From the first line to the last, transcribe the data exactly and skip the pictures.

(Recorded data)
'''
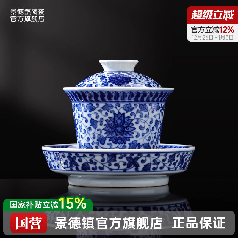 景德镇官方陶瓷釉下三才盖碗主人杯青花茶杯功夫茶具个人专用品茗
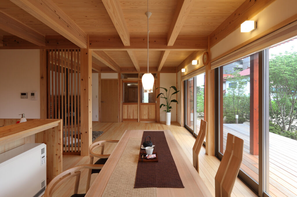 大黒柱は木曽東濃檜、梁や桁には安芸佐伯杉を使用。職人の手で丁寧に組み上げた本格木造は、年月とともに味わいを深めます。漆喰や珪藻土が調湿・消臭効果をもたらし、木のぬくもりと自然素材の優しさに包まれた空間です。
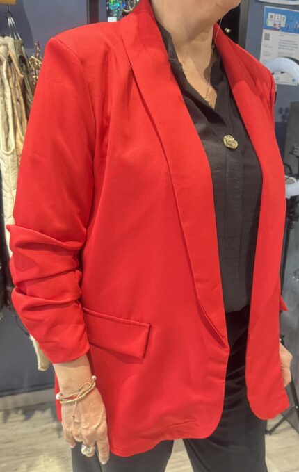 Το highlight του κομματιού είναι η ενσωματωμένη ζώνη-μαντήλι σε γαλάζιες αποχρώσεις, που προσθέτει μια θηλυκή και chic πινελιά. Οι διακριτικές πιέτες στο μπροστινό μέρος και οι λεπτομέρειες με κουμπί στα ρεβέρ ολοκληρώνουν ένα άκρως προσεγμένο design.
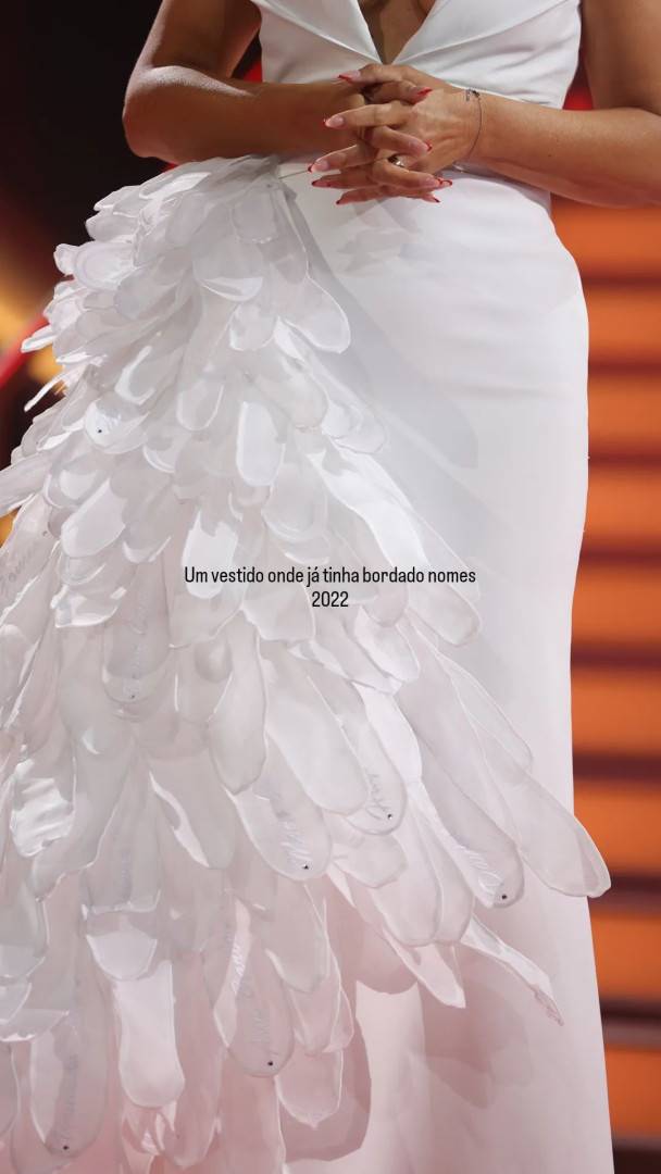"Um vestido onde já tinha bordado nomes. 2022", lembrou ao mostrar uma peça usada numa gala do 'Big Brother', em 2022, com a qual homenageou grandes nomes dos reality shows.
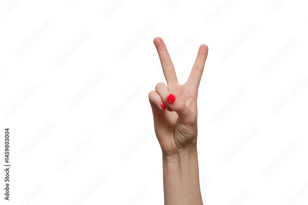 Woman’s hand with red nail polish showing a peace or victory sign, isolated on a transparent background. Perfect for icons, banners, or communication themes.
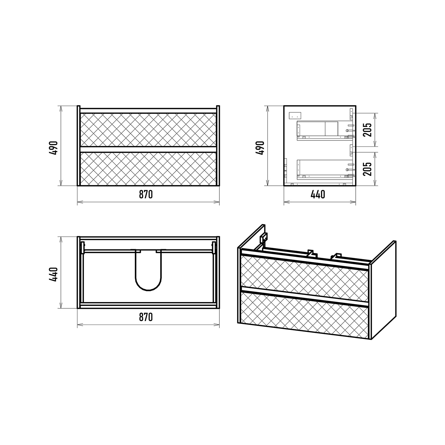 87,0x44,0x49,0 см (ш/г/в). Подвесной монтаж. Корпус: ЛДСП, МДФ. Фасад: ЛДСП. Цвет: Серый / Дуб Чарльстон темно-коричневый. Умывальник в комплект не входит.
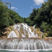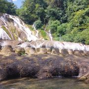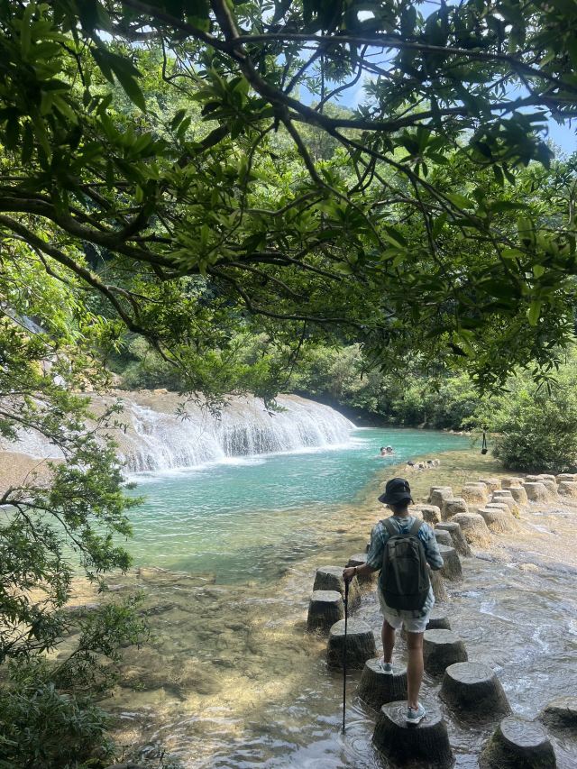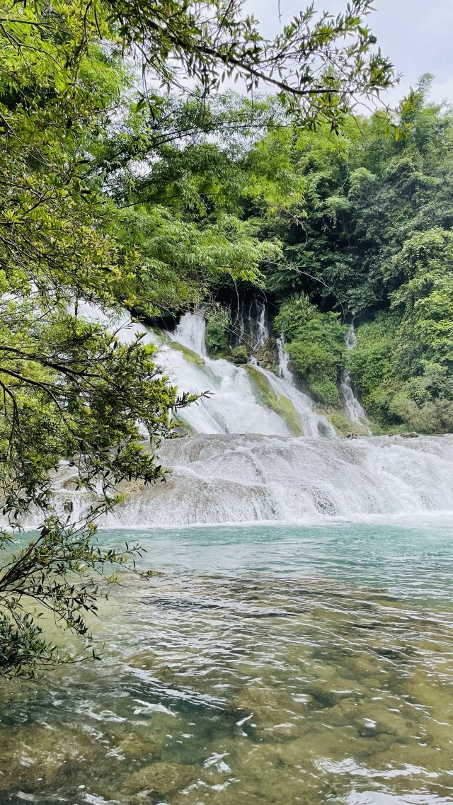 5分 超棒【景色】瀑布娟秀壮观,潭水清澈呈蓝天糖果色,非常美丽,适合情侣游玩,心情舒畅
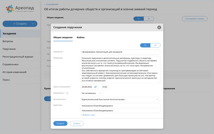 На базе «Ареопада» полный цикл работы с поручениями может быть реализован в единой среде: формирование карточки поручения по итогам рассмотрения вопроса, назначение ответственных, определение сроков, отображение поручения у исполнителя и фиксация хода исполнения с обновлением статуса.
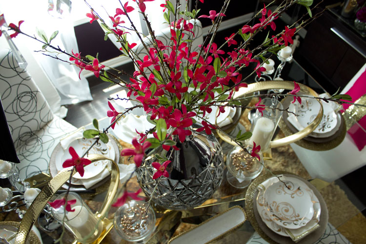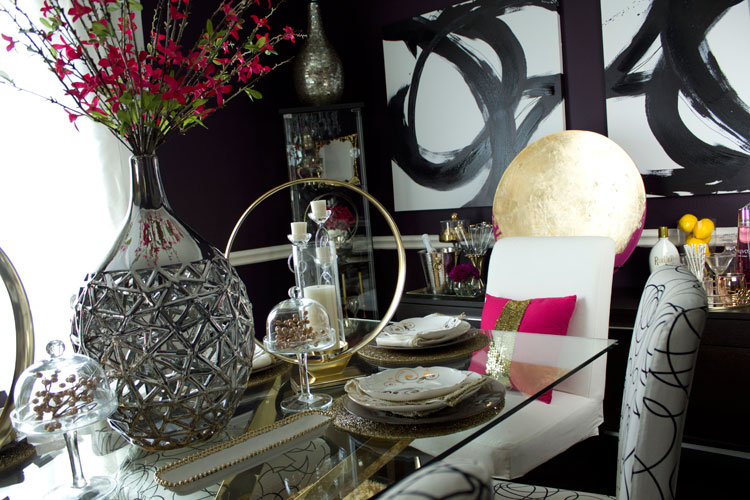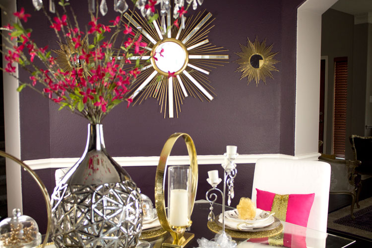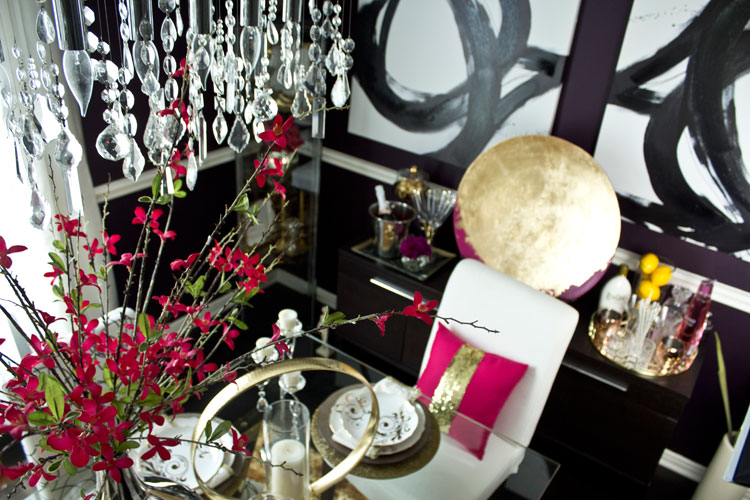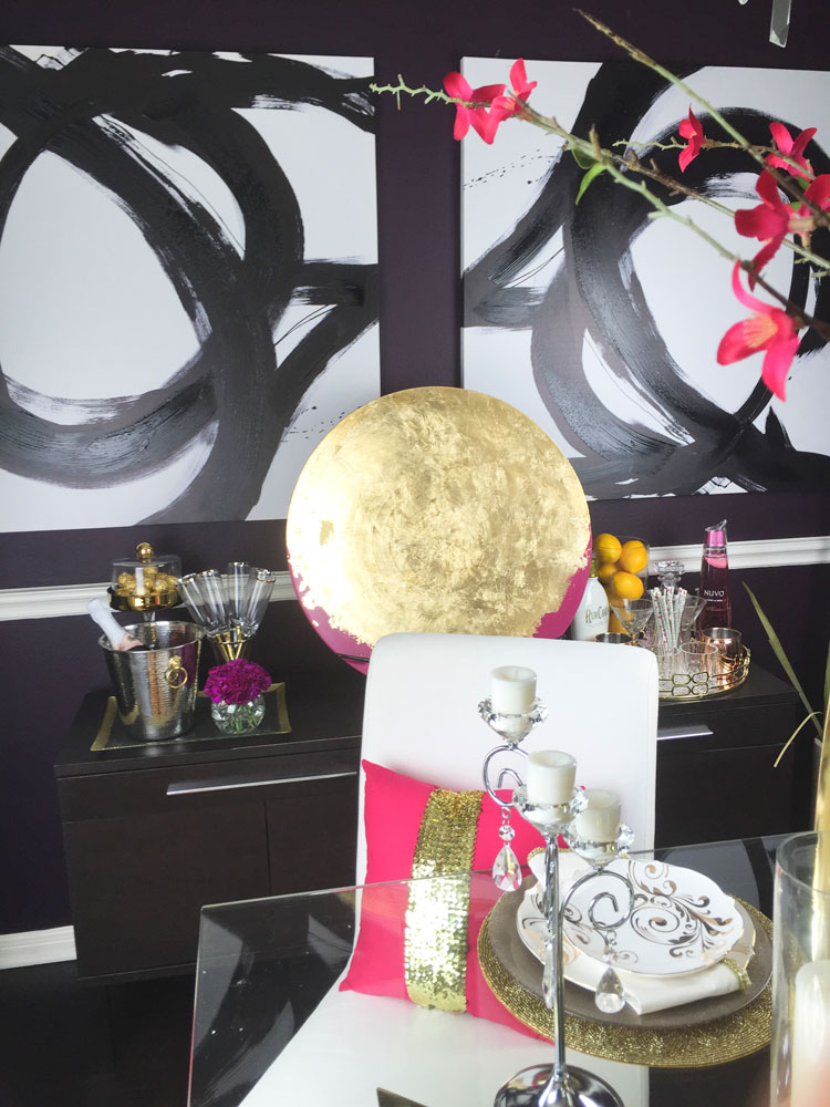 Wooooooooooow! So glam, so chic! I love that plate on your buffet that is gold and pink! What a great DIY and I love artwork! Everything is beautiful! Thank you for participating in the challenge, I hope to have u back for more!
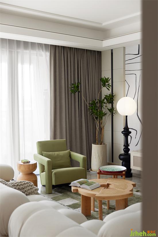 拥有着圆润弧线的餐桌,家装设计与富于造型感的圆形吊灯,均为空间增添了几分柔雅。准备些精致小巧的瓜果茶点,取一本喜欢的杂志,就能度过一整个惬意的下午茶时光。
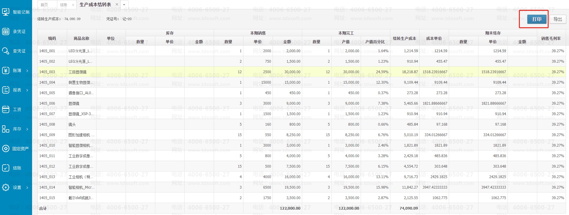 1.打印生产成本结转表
'''
§ **Result below**:
 景德镇官方陶瓷釉下三才盖碗主人杯青花茶杯功夫茶具个人专用品茗
 大黒柱は木曽東濃檜、梁や桁には安芸佐伯杉を使用。職人の手で丁寧に組み上げた本格木造は、年月とともに味わいを深めます。漆喰や珪藻土が調湿・消臭効果をもたらし、木のぬくもりと自然素材の優しさに包まれた空間です。
 Το highlight του κομματιού είναι η ενσωματωμένη ζώνη-μαντήλι σε γαλάζιες αποχρώσεις, που προσθέτει μια θηλυκή και chic πινελιά. Οι διακριτικές πιέτες στο μπροστινό μέρος και οι λεπτομέρειες με κουμπί στα ρεβέρ ολοκληρώνουν ένα άκρως προσεγμένο design.
"Um vestido onde já tinha bordado nomes. 2022", lembrou ao mostrar uma peça usada numa gala do 'Big Brother', em 2022, com a qual homenageou grandes nomes dos reality shows.
 Woman’s hand with red nail polish showing a peace or victory sign, isolated on a transparent background. Perfect for icons, banners, or communication themes.
 87,0x44,0x49,0 см (ш/г/в). Подвесной монтаж. Корпус: ЛДСП, МДФ. Фасад: ЛДСП. Цвет: Серый / Дуб Чарльстон темно-коричневый. Умывальник в комплект не входит.
 5分 超棒【景色】瀑布娟秀壮观,潭水清澈呈蓝天糖果色,非常美丽,适合情侣游玩,心情舒畅
 На базе «Ареопада» полный цикл работы с поручениями может быть реализован в единой среде: формирование карточки поручения по итогам рассмотрения вопроса, назначение ответственных, определение сроков, отображение поручения у исполнителя и фиксация хода исполнения с обновлением статуса.
 Wooooooooooow! So glam, so chic! I love that plate on your buffet that is gold and pink! What a great DIY and I love artwork! Everything is beautiful! Thank you for participating in the challenge, I hope to have u back for more!
 拥有着圆润弧线的餐桌,家装设计与富于造型感的圆形吊灯,均为空间增添了几分柔雅。准备些精致小巧的瓜果茶点,取一本喜欢的杂志,就能度过一整个惬意的下午茶时光。
 1.打印生产成本结转表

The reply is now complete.